Changes over regenerations versus differences between accessions

When the genetic diversity between accessions in the collection is studied, some differences between individual accessions are surprisingly small (Table 2, Fig. 1). The accessions within the duplication groups ‘Gouden Akker’ and ‘Herfstdeen’ (latter not shown) are so closely related that one regeneration would result in comparable genetic differences, also if the amount of diversity within the accessions is taken into consideration. Some other groups, such as the ‘Langedijker’ group, which is shown as reference in Fig. 1, show considerable larger differences, even comparable to the differences in the ‘Dutch genepool’ or the ‘world genepool’ groups. These groups should therefore not be considered as duplication groups.

The small differences between accessions as related to the differences over regenerations can be interpreted as an indication that the regeneration protocols should be improved. This improvement should be aimed at reduction of selection, since the important changes that were observed were not caused by drift, but only by shift. Selection can be reduced, for example, by harvesting equal amounts of seeds per plant, or by controlled pollination. Such measures, however, will generally be quite costly, and might not be feasible economically.

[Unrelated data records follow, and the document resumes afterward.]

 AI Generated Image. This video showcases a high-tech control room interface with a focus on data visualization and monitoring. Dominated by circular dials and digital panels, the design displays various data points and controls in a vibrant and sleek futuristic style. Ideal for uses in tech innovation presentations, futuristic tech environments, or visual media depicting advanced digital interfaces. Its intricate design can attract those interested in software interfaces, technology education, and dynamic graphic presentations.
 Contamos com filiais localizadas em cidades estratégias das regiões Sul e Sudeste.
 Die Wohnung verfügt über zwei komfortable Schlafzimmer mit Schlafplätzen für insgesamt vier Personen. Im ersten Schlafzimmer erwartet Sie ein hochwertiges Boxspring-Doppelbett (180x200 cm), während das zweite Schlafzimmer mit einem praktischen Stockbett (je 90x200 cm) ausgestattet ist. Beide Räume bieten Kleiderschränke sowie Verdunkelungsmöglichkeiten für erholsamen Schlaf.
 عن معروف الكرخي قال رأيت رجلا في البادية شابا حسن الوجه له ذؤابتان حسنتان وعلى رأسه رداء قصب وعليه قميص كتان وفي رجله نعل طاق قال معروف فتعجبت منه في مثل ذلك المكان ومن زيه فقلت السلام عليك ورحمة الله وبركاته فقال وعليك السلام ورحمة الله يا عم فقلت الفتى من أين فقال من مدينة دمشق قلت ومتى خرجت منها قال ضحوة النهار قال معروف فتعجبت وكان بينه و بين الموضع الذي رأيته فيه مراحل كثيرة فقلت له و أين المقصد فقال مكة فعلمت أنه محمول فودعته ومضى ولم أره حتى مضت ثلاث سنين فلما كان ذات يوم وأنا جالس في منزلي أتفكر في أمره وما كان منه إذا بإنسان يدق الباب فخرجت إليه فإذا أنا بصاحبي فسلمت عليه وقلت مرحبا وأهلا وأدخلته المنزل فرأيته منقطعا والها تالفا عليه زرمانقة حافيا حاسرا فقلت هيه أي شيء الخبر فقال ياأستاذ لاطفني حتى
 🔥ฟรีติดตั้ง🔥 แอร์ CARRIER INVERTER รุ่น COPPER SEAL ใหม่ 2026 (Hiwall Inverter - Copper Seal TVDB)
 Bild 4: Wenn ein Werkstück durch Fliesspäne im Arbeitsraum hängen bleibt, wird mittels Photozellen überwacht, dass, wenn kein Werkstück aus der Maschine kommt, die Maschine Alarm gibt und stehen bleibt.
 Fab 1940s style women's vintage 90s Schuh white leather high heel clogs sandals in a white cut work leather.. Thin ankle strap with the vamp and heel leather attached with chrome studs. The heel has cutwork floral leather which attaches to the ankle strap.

The small differences between accessions as related to the differences over regenerations can also be interpreted as an indication that these similar accessions should be combined in a new bulk accession. Some of the accessions in the CGN Brassica collection are already the result of such combination of very similar samples prior to inclusion in the collection (Hintum et al. 1996). Based on the advice of crop experts, who studied the passport data and who looked at the material in the field different selections from common landraces were merged in one or more groups. This resulted in a considerable reduction of the number of (candidate) accessions. This effort of merging material was supported by a study using isozymes, which concluded that the groups might even have been larger (Hintum et al. 1996). This conclusion is supported by the current study: material of groups such as the ‘Gouden Akker’ could have been further merged based on the observed diversity. Phippen et al. (1997) also concluded, in their case on the basis of a RAPD study on the ‘Golden Acre’ group (same as ‘Gouden Akker’), that the number of accessions could be reduced without significant loss of diversity. It should, however, be taken into account that neutral markers such as AFLPs, as used in the current study and RAPDs, as used by Phippen et al. (1997), show mainly neutral diversity whereas germplasm users are interested in functional diversity. The decisions of not combining certain accessions have always been based on the functional diversity they possessed. Based on expert advice it was often decided to keep the distinct morphological or phenological types separate: the early, the flat or the white. The question how difficult it would be to reconstruct such types via simple mass selection in the combined accession is relevant in this respect. If gene banks would be able to reduce costs without losing genetic diversity by combining genetically highly similar accessions of cross-pollinating crops, distinct phenotypes of morphological or phenological traits might be lost. One could recover these phenotypes by one or two cycles of mass selection, but this would have to be done by the user of the material. This implies that quality, in the form of phenotypes, would be sacrificed to save money. However, this money could be invested with a higher return in other quality aspects of gene bank management.

Conclusion

The genetic changes over normal gene bank regenerations, as measured by AFLPs, are of a comparable magnitude as the differences between some of the more similar accessions. These changes and differences are mainly due to some highly significant differences in allele frequencies, whereas the majority of alleles occur in similar frequencies. This suggests that selection is taking place. This implies that either regeneration protocols should be improved or the composition of the collection should be changed either by merging, removing or replacing gene bank accession.